EpochlyInferenceMiddleware

ASGI middleware for request-level observability and control.

Constructor Parameters:

  • app -- ASGI application
  • max_concurrency: int = 64 -- Maximum concurrent requests
  • config: Any = None -- Optional InferenceConfig

Properties:

  • request_count -> int -- Total requests processed
  • avg_latency_ms -> float -- Average latency in milliseconds

LLMCompanionAdapter

Control layer for vLLM/TGI deployments.

Constructor Parameters:

  • runtime_url: str -- URL of the LLM runtime
  • config: Optional[LLMCompanionConfig] = None -- Configuration

Methods:

  • async generate(prompt, **kwargs) -> str -- Generate completion
  • get_stats() -> dict -- Get companion metrics

LLMCompanionConfig

Configuration for LLM companion mode.

Fields:

  • max_concurrent_requests: int = 64
  • cache_enabled: bool = True
  • cache_max_size: int = 10_000
  • default_timeout_seconds: float = 120.0
  • api_path: str = "/v1/completions"

EpochlyRayServeWrapper

Ray Serve deployment wrapper (v1 preview).

Constructor Parameters:

  • config: Optional[RayServeConfig] = None -- Configuration (defaults to RayServeConfig())

Methods:

  • handle_request(model_fn, args, priority=RequestPriority.NORMAL, *kwargs) -> Any
  • get_stats() -> dict

epochly_serve

Decorator for adding Epochly telemetry to inference functions.

Usage:

@epochly_serve
def predict(model, data):
return model(data)
@epochly_serve(config=RayServeConfig(enable_telemetry=True))
def predict(model, data):
return model(data)

ABModelComparison

A/B testing for model variants.

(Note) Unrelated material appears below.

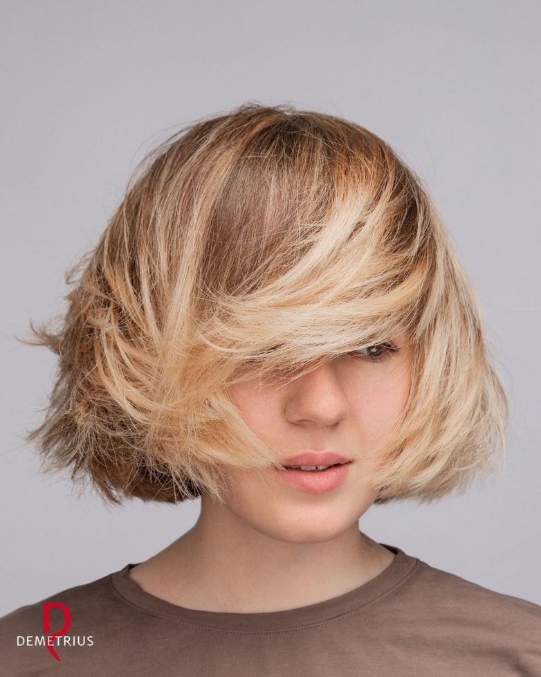 Многослойные короткие стрижки являются беспроигрышным выбором для женщин с тонкими ослабленными волосами. Короткий каскад располагается по всей голове, красиво выглядит после укладки, напоминая объемную шапочку. При укладке женщины подворачивают концы волос как наружу, так и внутрь, создавая нарочитую небрежность прическе, что значительно молодит образ.

Routes a configurable percentage of traffic to a challenger model (B), compares outputs, and reports per-variant metrics. Supports split mode (one model per request) and shadow mode (both models run, only A's result returned).

Constructor Parameters:

  • model_a: Any -- The production (champion) model callable
  • model_b: Any -- The challenger model callable
  • adapter: InferenceAdapter -- Framework adapter
  • traffic_split: float = 0.1 -- Fraction of traffic routed to model B (0.0 to 1.0)
  • shadow: bool = False -- If True, both models run for every request; only model A's result is returned

Raises: ValueError if traffic_split is outside [0.0, 1.0].

Methods:

  • infer(input_data, **kwargs) -> Any -- Route request to model A or B based on traffic split. In shadow mode, both models run and model A's result is returned. In split mode, exactly one model runs per request.
  • get_comparison_report() -> dict -- Return comparison metrics between A and B. Returns a dictionary with keys: model_a (metrics dict), model_b (metrics dict), traffic_split, total_requests, shadow.
  • compute_significance(confidence_level=0.95) -> dict -- Compute statistical significance of latency difference using Welch's t-test. Uses scipy.stats.ttest_ind when available, falls back to a built-in manual implementation. Returns a dictionary with keys: p_value, confidence_interval (lower, upper), significant (bool), sample_sizes.

Usage:

from epochly.inference.serving.ab_testing import ABModelComparison
ab = ABModelComparison(
model_a=production_model,
model_b=challenger_model,
adapter=pytorch_adapter,
traffic_split=0.1,
)
result = ab.infer(input_tensor)
report = ab.get_comparison_report()
sig = ab.compute_significance(confidence_level=0.95)
if sig["significant"]:
print(f"Difference is significant (p={sig['p_value']:.4f})")

MultiModelComparison

A/B/n testing for N models with weighted traffic distribution.

Constructor Parameters:

  • models: Dict[str, Any] -- Mapping from model name to model callable
  • weights: Dict[str, float] -- Mapping from model name to traffic weight (must sum to ~1.0)
  • adapter: InferenceAdapter -- Framework adapter

Methods:

  • infer(input_data, **kwargs) -> Any -- Route request based on weighted distribution
  • get_comparison_report() -> dict -- Return comparison metrics across all models

GradualRollout

Staged traffic ramping with health checks at each step.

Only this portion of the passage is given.